分厚い取扱説明書を端から読もうとして挫折することのないようにして下さい。

 では、絵を描く際によく習得しておいた方がよいソフトの機能とは何でしょうか。私は、ブラシの詳細設定の仕方ではないかと思います。私自身、相当頻繁にブラシの形状や透明度、密度などを変えます。平均5分に1度はチェックして変えているような気がしますし、気に入ったタッチが出るように何種類か筆先を自作(いわゆるカスタムブラシというやつです)しています。油絵や水彩画、日本画などは筆に相当気を使います。パソコン絵画だって、それと同じことです。



完 成

絵を完成させるのには、思い切りが必要です。自分で描いていて中々満足できず、ダラダラと描き続けるということがあると思います。

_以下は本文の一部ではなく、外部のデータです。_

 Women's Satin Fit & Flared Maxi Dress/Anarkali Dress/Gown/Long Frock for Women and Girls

特に、完璧を期すことにこだわる人が、こうした描き方に陥りがちです。しかし、これを続けていけば必ず満足する絵になるという保証はありませんし、描き込めば描き込むほど、思っていたのとは違う方向に進むこともあります。そういう場合には、ある時点で「この絵はもう完成したことにしよう」と区切りを付けて、その作品が不満足な出来なら、また別の絵に取り組み始めた方が、よい結果が得られることが往々にしてあります。こうしたことはパソコン絵画のみならず、油絵など一般の絵画でも起こり得ることです。私の場合、通常の絵であれば、画印(絵に押す印鑑)やサインを入れることにより入筆打ち止めにしています。パソコン絵画についても同様の手法を取り入れ、サインを入れるかパソコン上で作った画印を入れたうえで、プリンターに打ち出して額に入れることで「完成」としています。なお、このホームページの絵に画印やサインが入っていないのは、プリンターに打ち出す絵にしか画印やサインをいれないという私の流儀に基づくもので、別に未完成品を掲載しているわけではありません。

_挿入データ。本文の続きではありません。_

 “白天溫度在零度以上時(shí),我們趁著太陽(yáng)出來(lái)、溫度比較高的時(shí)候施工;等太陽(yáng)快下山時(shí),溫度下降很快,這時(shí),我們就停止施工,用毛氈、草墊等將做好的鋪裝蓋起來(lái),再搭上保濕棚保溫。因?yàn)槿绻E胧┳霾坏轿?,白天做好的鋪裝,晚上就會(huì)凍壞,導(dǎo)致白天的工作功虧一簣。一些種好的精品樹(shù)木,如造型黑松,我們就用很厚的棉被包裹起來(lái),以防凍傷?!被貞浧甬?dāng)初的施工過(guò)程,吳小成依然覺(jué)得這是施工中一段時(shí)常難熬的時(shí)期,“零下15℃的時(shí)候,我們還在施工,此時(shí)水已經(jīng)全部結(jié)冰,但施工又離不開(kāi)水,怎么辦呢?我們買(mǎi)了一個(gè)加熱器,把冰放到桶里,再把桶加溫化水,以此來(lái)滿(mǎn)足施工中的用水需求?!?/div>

 なお、完成した絵を印刷して額に入れるかどうかは各人の自由ですが、私は、何枚かのパソコン絵画をプリンターで打ち出して額に入れ、他のアクリル画や水彩画とともにリビングルームなどに飾っています。何も知らない人は、すっかり手書きの絵だと思っているようで、こちらがパソコンで描いたと説明しても信じない人もいます。こうして壁に飾っておけば立派なインテリアになりますし、人の家に招かれて行った際に1枚手土産替わりに持参すると喜ばれます。壁に飾る前提で描けば気合も入りますし、皆さんも一度試されては如何でしょうか。




画印を入れて、プリンターでA4用紙に打ち出したパソコン絵画 プリンターで打ち出したパソコン絵画を水彩額(「八切りサイズ」のもの)に入れた状態。これで壁に飾ると、肉筆画と変わらない。